# Favorite book by John Gierach



## marble eye master (Apr 16, 2018)

Have not picked up any of his books, everyone says they are good. What is your favorite and why


----------



## Honyuk96 (Nov 21, 2014)

They are all excellent, his humor is awesome. I like Sex, Death and Fly Fishing. The View From Rat Lake is another favorite. It's all good


----------



## MIoutdoorsjunkie (Oct 11, 2006)

John is a great writer. My Favorite is "Death, taxes and leaky waders". Just for the humor alone. I think one of the first chapters or short stories is "Camp Coffee".. One of my favorites!


----------



## PunyTrout (Mar 23, 2007)

I haven't read any of Gierach's stuff. I was just thinking about him the other day though and am also curious as to what others would recommend.

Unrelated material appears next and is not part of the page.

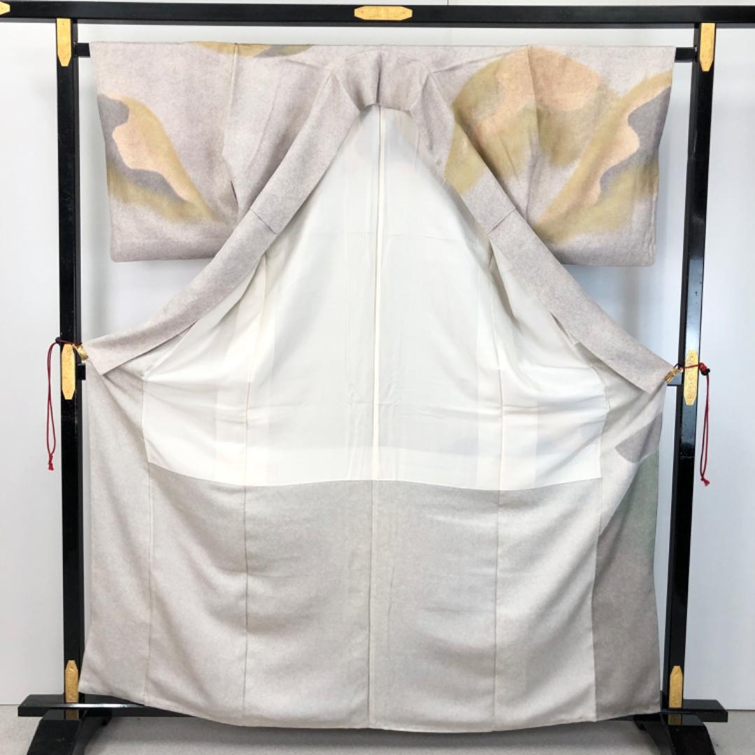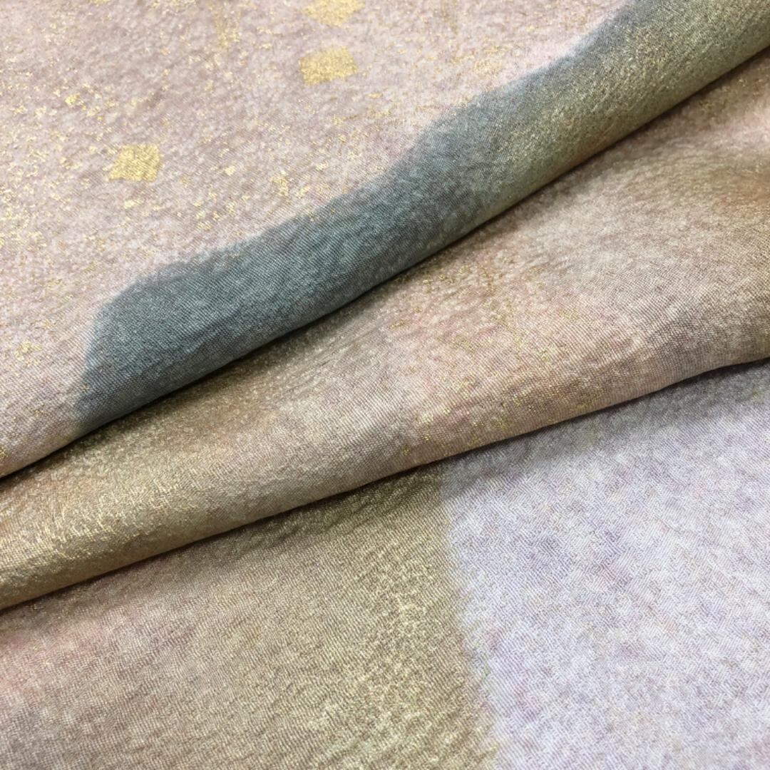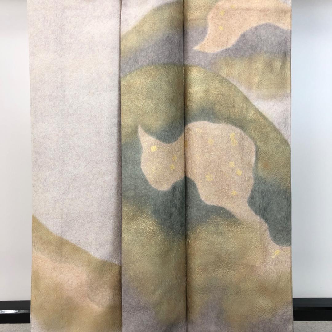 白練色のお色味に暈し、金彩が使われた遠山模様の柄裄がデザイン品のあるされた素敵なお品でございます。

A forum member recently sent me a copy of Wanderings of a Trout Bum by Jon de Bleaux. I've been sipping it for a few weeks now getting ready for the new trout season.


----------



## MIoutdoorsjunkie (Oct 11, 2006)

PunyTrout said:


> I haven't read any of Gierach's stuff. I was just thinking about him the other day though and am also curious as to what others would recommend.
> 
> A forum member recently sent me a copy of Wanderings of a Trout Bum by Jon de Bleaux. I've been sipping it for a few weeks now getting ready for the new trout season.

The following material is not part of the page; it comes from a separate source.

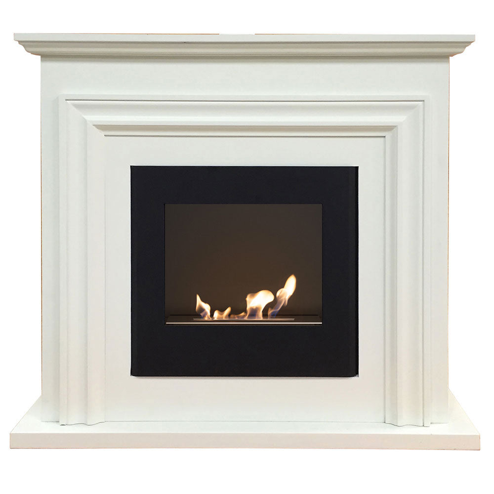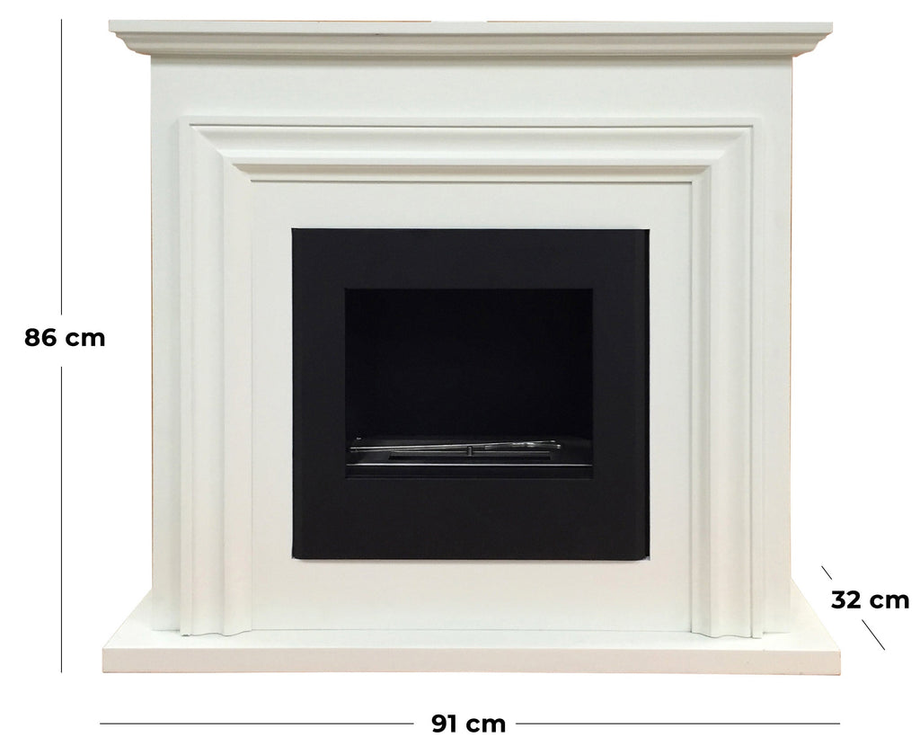 Bioethanol-Bodenkamin 91x32x86 cm Struktur aus weißem Holz

Anyone that has ever fly-fished for trout is missing out by not reading some of Gierach's stuff. Super witty guy with knack for story telling. Highly recommended.


----------



## MIoutdoorsjunkie (Oct 11, 2006)

"What are you up to?", Ed asked wryly, watching A.K. pour his coffee beneath a bush near the edge of the stream.

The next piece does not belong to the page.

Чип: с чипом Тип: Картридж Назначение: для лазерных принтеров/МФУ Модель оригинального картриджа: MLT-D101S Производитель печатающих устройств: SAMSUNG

"He's gone to take a crap", A.K. nodded towards the trail leading downstream, "The only reason I ever drank this stuff is cause he's so damned earnest about the ritual. But today's is just too putrid to stomach."

Ed shuffles over to A.K. and begins to pour his out too.

"Not all of it!", A.K. said with alarm, "just most of it. You gotta leave some in your cup or he'll just pour you another."

Ed returned to his seat scowling down at the black slurry in his cup.

"I regret the day I taught him to make the stuff", A.K. muttered looking into the battered tin cup.

"For years I was the one who made the coffee", he sighed, "My pot was perfect and I didn't buy the cheap grounds. I'm not one of those mocha-latte-half-caff lightweights but I doubt that cheap stuff he buys is really coffee."

"And you're supposed to put two handfuls of coffee in. Sometimes his coffee is weak but mostly it's too strong. I think his hands are misshapen. Or maybe he can't count."

Ed nodded. Countless memories of lousy, gut-burning coffee rose to the surface.

"The damn coffee was my ritual." A.K. sulked.

Light footsteps on the forest floor drew their attention. John returned to the clearing and flipped the crushed roll of toilet paper on top of his rucksack.

"Another cup boys?"


----------



## PunyTrout (Mar 23, 2007)

I ended up stopping by a local used book store and they had two of his books. I picked up both of them. I'll get to reading them in a little while.

Thanks.


----------



## flyrodder46 (Dec 31, 2011)

PT, you will never regret picking them up. I have three of his books, and reread them every couple of years, each time I read them I find another tidbit that I had forgotten about.


----------



## BigPine (Feb 18, 2018)

John Gierach is great. I’d suggest Trout Bum, his first. Also, he’s got a book on bamboo rods that is a good read. 


Sent from my iPhone using Michigan Sportsman mobile app


----------



## Shoeman (Aug 26, 2000)

I scored "Even Brook Trout get the blues"

Have yet to read it though


----------



## mfs686 (Mar 15, 2007)

I'm reading "All Fishermen are Liars" right now. About half way through it and no mention of any lies. Unless of course every story is and he made them all up.


----------



## subocto (Feb 21, 2003)

John Gierach is great! My father just got me his latest book, "A Flyrod of Your Own" for my birthday earlier this month and im almost finished with it. It is a great book full of little stories about fishing and his life in the fishing business. Trout Bum was the first one I read and is still his best work IMO.


----------



## lodge lounger (Sep 16, 2005)

Hey thanks for this post Marble Eye! I thought I had all Gierach's stuff but a cruise through Amazon showed me four I'm missing. Obviously I consider him a pretty fair author and will fill out the collection forthwith.


----------



## DrMeyer (Jun 14, 2017)

I like pretty much all of them, burt I find myself paging through "Good Flies, and how they got that way." A good treatise on what makes a successful, and useful pattern. 

If you want to dive deep - "A.K.'s Flybox" by AK Best - lots of good info, and some good stories to go along with it.


----------



## anon09082020 (Oct 27, 2011)

http://www.themeateater.com/podcasts/ep-092-john-gierach/

good podcast with him and rinella. worth a listen.


----------



## PunyTrout (Mar 23, 2007)

thefishyscent said:


> http://www.themeateater.com/podcasts/ep-092-john-gierach/
> 
> good podcast with him and rinella. worth a listen.


A very enjoyable podcast. Thank you for sharing the link.


----------



## Jackster1 (Aug 17, 2001)

You owe it to yourselves as Michiganders to read Trout Madness and Trout Magic by Robert Traver. There are a lot of similarities between his writing and Gierach's including bamboo rods, lots of bush whacking, and bourbon out of a tin cup instead of coffee.
Traver's books cam out decades before Gierach's but both are treasures for sure.
Note the covers on the two Gierach books below.

















I picked up the book on the right when it first came out. John wasn't all that happy about having a spinning rod on the cover.


----------